I've read through this patch a couple of times so far, but I still
don't quite get it. The "why" rationale is good, but it would be nice
to have a high-level "how" paragraph which explains the overall
principle of operation. (OK, I think I see how all this fits
together now.)

There are comments in migrate.c on the how. If they are insufficient,
please indicate what you would like to see. I've been staring at the
code so long it all seems obvious to me.

Yeah, its easy for that to happen. Those comments are helpful, I was thinking very high-level things like:

* what initiates migration?
* how can an mm be under multiple levels of migration?
* ...?

Maybe the existing comments are sufficient.

From looking at it, a few points to note:

- It only tries to move usermode pagetables. For the most part (at
least on x86) the kernel pagetables are fairly static (and
effectively statically allocated), but vmalloc does allocate new
kernel pagetable memory.
As a consequence, it doesn't need to worry about tlb-flushing global
pages or unlocked updates to init_mm.

Correct.

- It would be nice to explain the "delimbo" terminology. I got it in
the end, but it took me a while to work out what you meant.

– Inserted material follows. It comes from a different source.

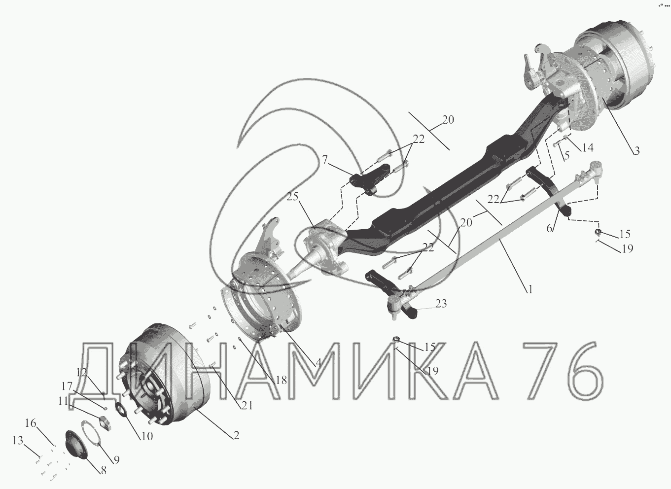 Перечень комплектующих от Передняя ось 551603-3000015 на МАЗ-6303A3, 6303A5

I never liked the delimbo terminology, but it's the best I've been
able to come up with so far. I'm open to changing it. Otherwise I can
explain it.

Just a comment saying something like "a pagetable page is considered to be in limbo if it has been copied, but may still be in use. It may be either in a cpu's stale tlb entry, or in use by the kernel on another cpu with a transient reference." would clarify what the delimbo is trying to achieve.

Open questions in my mind:

- How does it deal with migrating the accessed/dirty bits in ptes if
cpus can be using old versions of the pte for a while after the
copy? Losing dirty updates can lose data, so explicitly addressing
this point in code and/or comments is important.

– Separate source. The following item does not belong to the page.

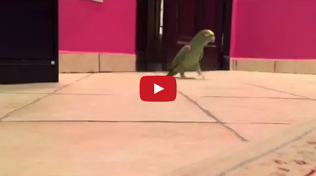 This cute yellow-headed amazon parrot struggles to push through a door and then cackles like a tiny, sinister super villain.

It doesn't currently. Although it's easy to fix. Just before the
free, we just have to copy the dirty bits again. Slow, but not in a
critical path.

But the issue I'm concerned about is what happens if a process writes the page, causing its cpu to mark the (old, in-limbo) pte dirty. Meanwhile someone else is scanning the pagetables looking for things to evict. It check the (shiny new) pte, finds it not dirty, and decides to evict the apparently clean page.

What, for that matter, stops a page from being evicted from under a limboed mapping? Does it get accounted for (I guess the existing tlb flushing should be sufficient to keep it under control).

Also, what happens if a page happens to get migrated twice in quick succession (ie, while there's still an in-limbo page from the first time)? Is there something to prevent that, or would it just all work out?

- Is this deeply incompatible with shared ptes?

Not deeply. It just doesn't support them at the moment (although it
doesn't check either.) It would just need to do all the pmd's
pointing to the pte's at the same time.

- It assumes that each pagetable level is a page in size. This isn't
even true on x86 (32-bit PAE pgds are not), and definitely not true
on other architectures. It would make sense to skip migrating
non-page-sized pagetable levels, but the code could/should check for
it.

Yes it does. Not something I like, but I wasn't sure how to check.

PTRS_PER_PGD * sizeof(pgd_t) == PAGE_SIZE

- Does it work on 2 and 3-level pagetable systems? Ideally the clever
folding stuff would make it all fall out naturally, but somehow that
never seems to end up working.

I've never tried to compile it on anything other than a 4 level
system. I suspect it will fail, but a couple of well placed #ifdef's
or something similiar will fix it.

Erm, if you're lucky. It can get pretty hairy.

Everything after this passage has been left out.